The September 11 onslaught had been judged an act of war, and the response was to be war. Bush made clear from the start that bin Laden and his followers would not be the only targets. In his address to the nation on the night of the attacks, the President had said the U.S. would “make no distinction between those who planned these acts and those who harbor them.” Within an hour of the television appearance, he was discussing what that would mean with the group he was to call his “war council” – Cheney, Rumsfeld, Secretary of State Powell, CIA Director Tenet, Condoleeza Rice, Richard Clarke, FBI Director Robert Mueller, Attorney General John Ashcroft, and key generals.

The talk in the Situation Room at the White House was uncompromising. The Taliban were soon to propose trying bin Laden in Afghanistan or handing him over for trial in another Muslim country, but America would turn a deaf ear. “We’re not only going to strike the rattlesnake,” Bush said at this time, “We’re going to strike the rancher.”

The administration never even considered negotiating with the Taliban, Condoleezza Rice said later. Washington was eventually to issue a formal ultimatum – promptly rejected – demanding that Afghanistan hand over the Saudi exile or “share in his fate.”

The weekend following the attacks, after the frenzy of the first fraught days, Bush flew his war council to the calm of the presidential retreat at Camp David.  CIA Director Tenet and his Counterterrorism chief Cofer Black briefed Bush’s team on the Agency’s plan for “Destroying International Terrorism.” They described what they called the “Initial Hook,” an operation designed to trap Al Qaida inside Afghanistan and destroy it.

The objective was to be achieved by a numerically small CIA paramilitary component and U.S. Special Forces, working with Afghan forces that had long been fighting the Taliban. The Chairman of the Joint Chiefs, General Shelton, outlined the crucial bomb and missile strikes that would precede and support the operation. “When we’re through with them,” Black had assured Bush, the Al Qaeda terrorists would “have flies walking across their eyeballs.”

On September 20, the CIA’s Cofer Black gathered the team that was to spearhead the covert operation in Afghanistan. He dispensed with any notion of taking the terrorist leader alive. “Gentlemen, I want to give you your marching orders and I want to make them very clear. I have discussed this with the President, and he is in full agreement…I don’t want bin Laden and his thugs captured. I want them dead. Alive and in prison here in the United States, they’ll become a symbol, a rallying point…They must be killed. I want to see photos of their heads on pikes. I want bin Laden’s head shipped back in a box filled with dry ice. I want to be able to show bin Laden’s head to the President. I promised him I would do that.”

In the field, three men led the operations that targeted bin Laden, two veteran CIA officers, and a Special Forces officer with the unit popularly known as Delta Force. Their teams in the early months numbered only some seventy men, including a dozen Green Berets, Air Force tacticians, communications experts, and a small group of elite British commandos.

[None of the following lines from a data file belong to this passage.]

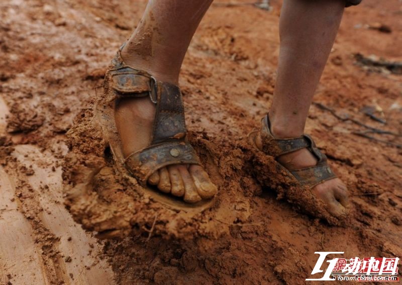 马头坡,泥泞路上一个孩子的脚。黄兴能 摄
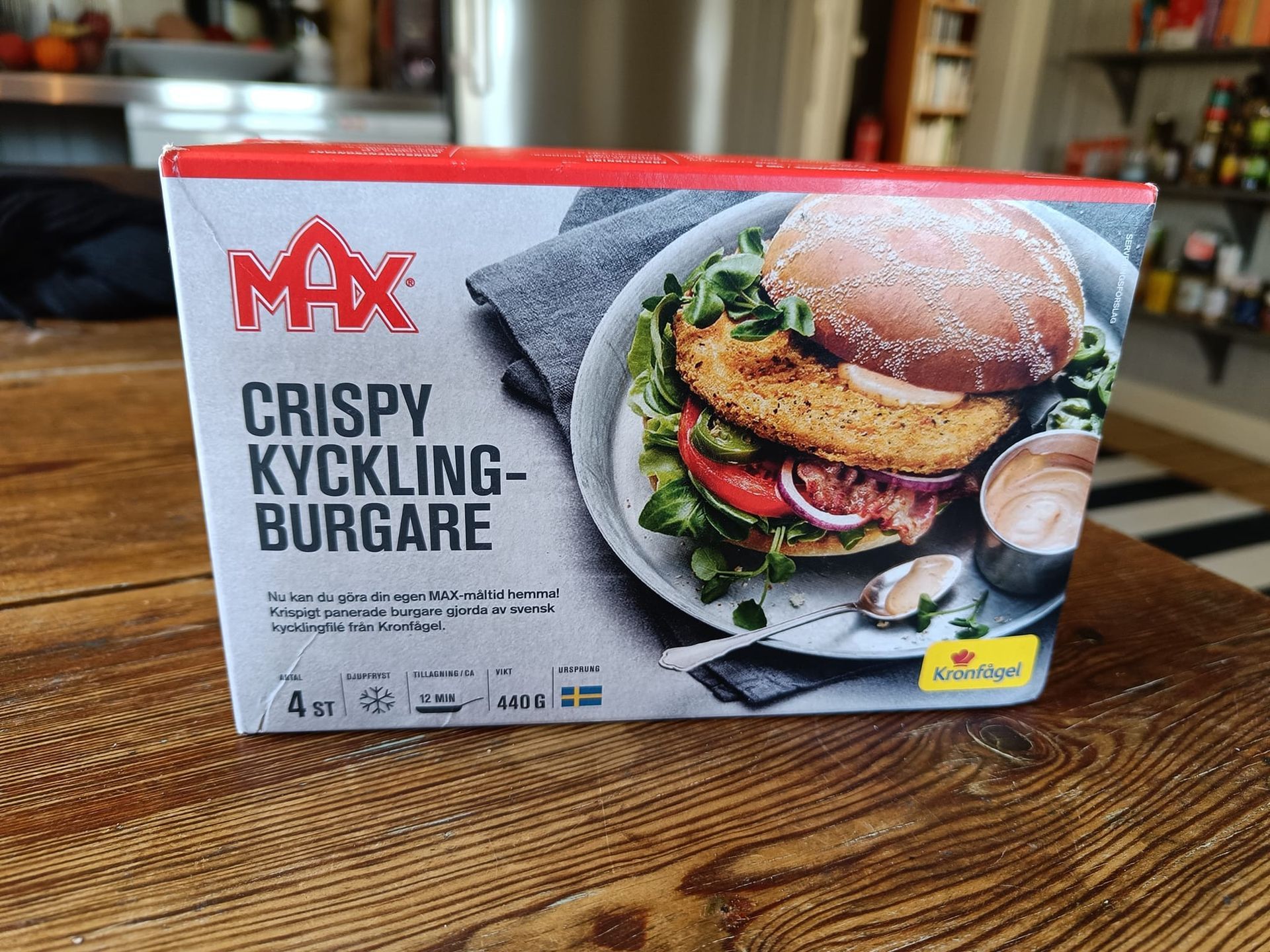 • MAX Crispy kycklingburgare. Går att hitta bl.a. på Willy's och Hemköp.
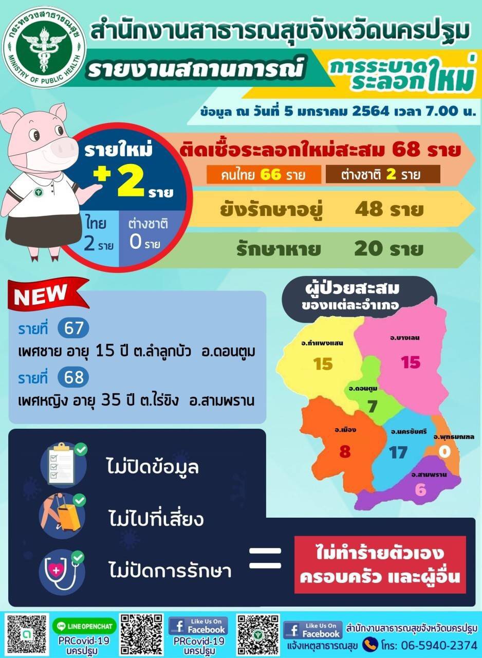 นครปฐมยังไม่หยุดพบผู้ติดเชื้อโควิด-19 วันนี้เพิ่มอีก2รายยอดสะสมรวม68ราย

“The mission is straightforward,” Black told a colleague back in Washington,” “We locate the enemy wherever they are across the planet. We find them and we kill them.”

The first CIA team was on the ground in Afghanistan just two weeks after 9/11, armed with not only their weapons but three million dollars in $100 bills. The cash, lugged around in duffel bags, was used mostly to grease the palms of anti-Taliban warlords. For a mission that targeted the Taliban as much as bin Laden, buying their loyalty was essential. Brilliant American management of the warlords and their forces, combined with devastating use of airpower, would defeat and decimate the Taliban soldiers – though they were often valiant fighters – in little more than two months.

Getting Osama bin Laden was to prove another matter altogether.

In a letter to Taliban leader Mullah Omar written just before the American attack began, bin Laden forecast that the coming U.S. campaign in Afghanistan would cause “great long-term economic burdens”…force America to resort to the former Soviet Union’s only option: withdrawal from Afghanistan…” Two weeks on, with the bombing continuing, the Taliban’s military commander – a longtime bin Laden ally – claimed his soldiers were holding their ground. Bin Laden was “safe and sound…in good spirits.”

The CIA’s team had only poor intelligence on bin Laden’s whereabouts. There were attempts to persuade them that he had left the country soon after 9/11. Other reports put him either in the Afghan capital, Kabul, or at Jalalabad, nearer to the border with Pakistan. Bin Laden and a large group of fighters were seen arriving in Jalalabad in a convoy of white Toyota trucks. American bombs were already falling on the city, and their stay was brief.

Bin Laden apparently spoke of wanting to stay and fight. He was dissuaded. The convoy – some 300 vehicles – left soon afterward. At least one of those in the group said they were on their way “to their base at Tora Bora.”

Tora Bora, which translates as “Black Widow,” lies almost sixteen thousand feet above sea level on Towr Ghar – the “Black Dust” – a series of rocky ridges and peaks, ten precipitous miles from the border of Pakistan’s Tribal Areas. A legend now, it was at the time a media fantasy. By November 27th a British newspaper was reporting that it was a “purpose-built guerrilla lair…350 yards beneath a solid mountain. There are small rooms and big rooms, and the wall and floor are cemented…It has its own ventilation system and its own power, created by a hydro-electric generator…driven by water from the peaks of the mountains.”

The reality was far more primitive. Bin Laden’s first wife, who had spent time there, remembered a place with no electricity and no running water, where life was hard at the best of times. In the early December of 2001, in the icy Afghan winter, it became a desolate killing ground.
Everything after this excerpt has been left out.